Consider which of the following options best fits your use case:
-
Create an online store, an offline store, or both. For more information on the differences between online and offline stores, see Feature Store concepts.
-
Use a default AWS Key Management Service key or your own KMS key. The default key is AWS KMS key (SSE-KMS). You can reduce AWS KMS request costs by configuring use of Amazon S3 Bucket Keys on the offline store Amazon S3 bucket. The Amazon S3 Bucket Key needs to be enabled before using the bucket for your feature groups. For more information about reducing the cost by using Amazon S3 bucket keys, see Reducing the cost of SSE-KMS with Amazon S3 Bucket Keys.

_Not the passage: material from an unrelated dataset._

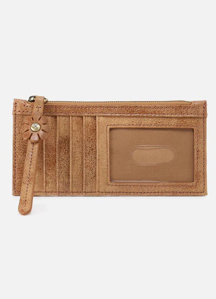 Crafted from distressed whiskey colored leather, this slim card case features several card slots, a clear ID window, and a zip pocket for coins or cash. Finished with a floral zipper pull and brass-tone hardware, it's compact, stylish, and perfect for everyday use.

You can use the same key for both online and offline stores, or have a unique key for each. For more information on AWS KMS, see AWS Key Management Service.
-
If you create an offline store:
-
Decide if you want to create an Amazon S3 bucket or use an existing one. When using an existing one, you need to know the Amazon S3 bucket URL or Amazon S3 bucket name and dataset directory name, if applicable.
-
Choose which IAM role ARN to use. For more information on how to find your role and attached policies, see Adding policies to your IAM role.
-
Decide whether to use the AWS Glue (default) or Apache Iceberg table format. In most use cases, you use the Apache Iceberg table format. For more information on table formats, see Use Feature Store with SDK for Python (Boto3).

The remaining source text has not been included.